A Markov Chain is a stochastic model that operates on the principle of memorylessness. Simply: it models the probability of transitioning from one state to another – given the current state – without considering the sequence of preceding events. Markov Chains model the sequential behavior of users by considering each state as an item, and the transition probabilities as the likelihood of a user interacting with a certain item after the current one.

The first-order Markov Chain, where the future state depends solely on the current state, was a common strategy in early sequential recommenders.
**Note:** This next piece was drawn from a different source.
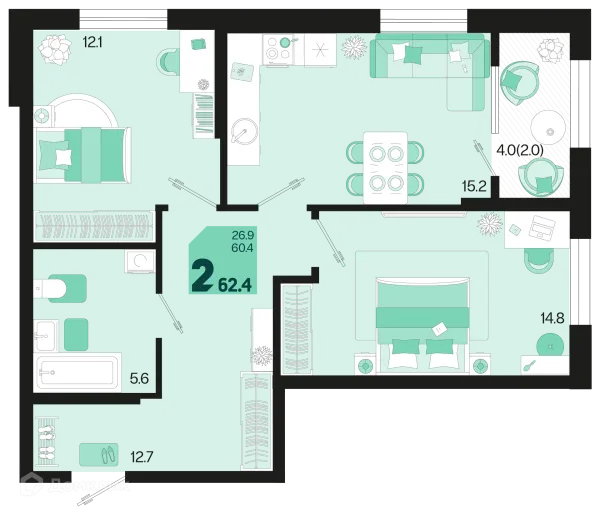 2 комн. квартира в Краснодаре в ипотеку от 62 760 руб/месяц

Despite its simplicity, the first-order Markov Chain is effective in capturing short-term, item-to-item transition patterns, improving the quality of recommendations over non-sequential methods.

Take for example our Succession situation from above: if you’re only using a first-order Markov Chain, a really great heuristic would be “what is the next episode in the series if it’s a series, otherwise, fall back on a collaborative filtering model”. You can see that for a huge percentage of watch-hours, this naive first-order chain would simply tell the user to watch the next episode of a show. Not particularly enlightening, but a good sign. When you abstract this out further you start to get some more powerful methods.
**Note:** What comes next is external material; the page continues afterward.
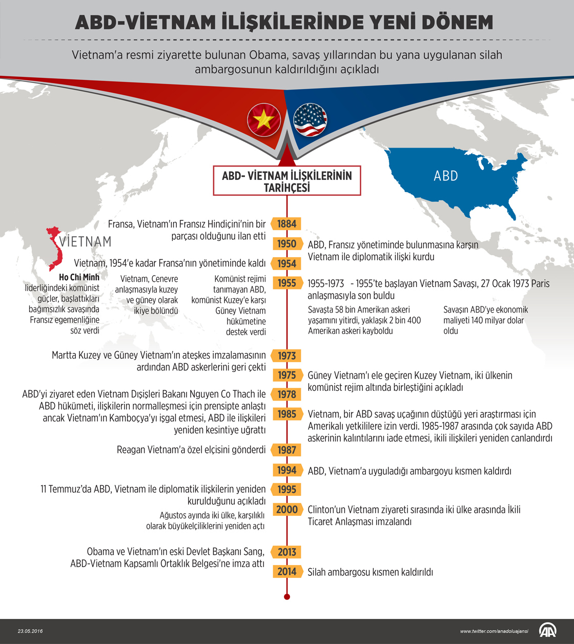 ABD Başkanı Obama'nın Vietnam'a uygulanan silah ambargosunun kaldırıldığını açıklaması, iki ülke arasındaki ilişkilerde yeni bir dönemi başlattı.

The first-order assumption does not always hold in real-world applications, as user behavior is often influenced by a longer history of interactions. To overcome this limitation, higher-order Markov Chains look further back. In a higher-order Markov Chain, the next state is determined by a set of previous states, providing a richer model of user behavior. Nevertheless, it’s crucial to select the appropriate order, as too high an order may lead to overfitting and sparsity of the transition matrix.

Order-Two Markov Chain

Let’s consider an example of an order-two Markov Chain model using the weather. Let’s assume we have three states: sunny (S), cloudy (C), and rainy (R).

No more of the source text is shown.